Conceptions of Drowning

With summers heating up, more and more of us are cooling down in beautiful open water spots across the country.

While most dips are safe, the water can be dangerous. The Royal Life Saving Society and Surf Life Saving Australia data revealed 294 people died at waterways and beaches around the country in 2020/2021, compared to 245 in the previous 12 months.

Men continued to be significantly over-represented, making up about 80 per cent of drownings, and people aged 25 to 34 accounted for the largest number of deaths.

Conceptions on drowning

Drowning is not what you typically might see in the movies and people have certain expectations about what a drowning person is going to do, such as they’ll be able to call out for help and wave their arms.

In reality, drowning can be difficult to identify, is typically silent and happens much more quickly. When drowning begins, a person can no longer speak.

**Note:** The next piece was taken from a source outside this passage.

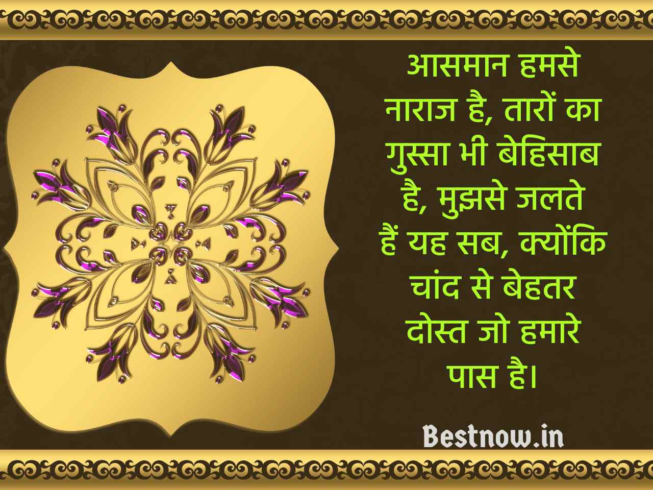 आसमान हमसे नाराज है, तारों का गुस्सा भी बेहिसाब है, मुझसे जलते हैं यह सब, क्योंकि चांद से बेहतर दोस्त जो हमारे पास है।

Their mouth is sinking below the water, reappearing just long enough to gasp in a breath before going down again. They are vertical in the water, bobbing up and down and they won’t thrash or wave. Instead, they will have their hands extended partially or fully to their sides.

Children can look like they’re paddling or playing a game, and often are surrounded by people who are looking at them but don’t realise that the drowning is taking place.

This process is shockingly quick – about 20 seconds for young children and 60 seconds for adolescents. This means you only have a few moments to realise it’s happening.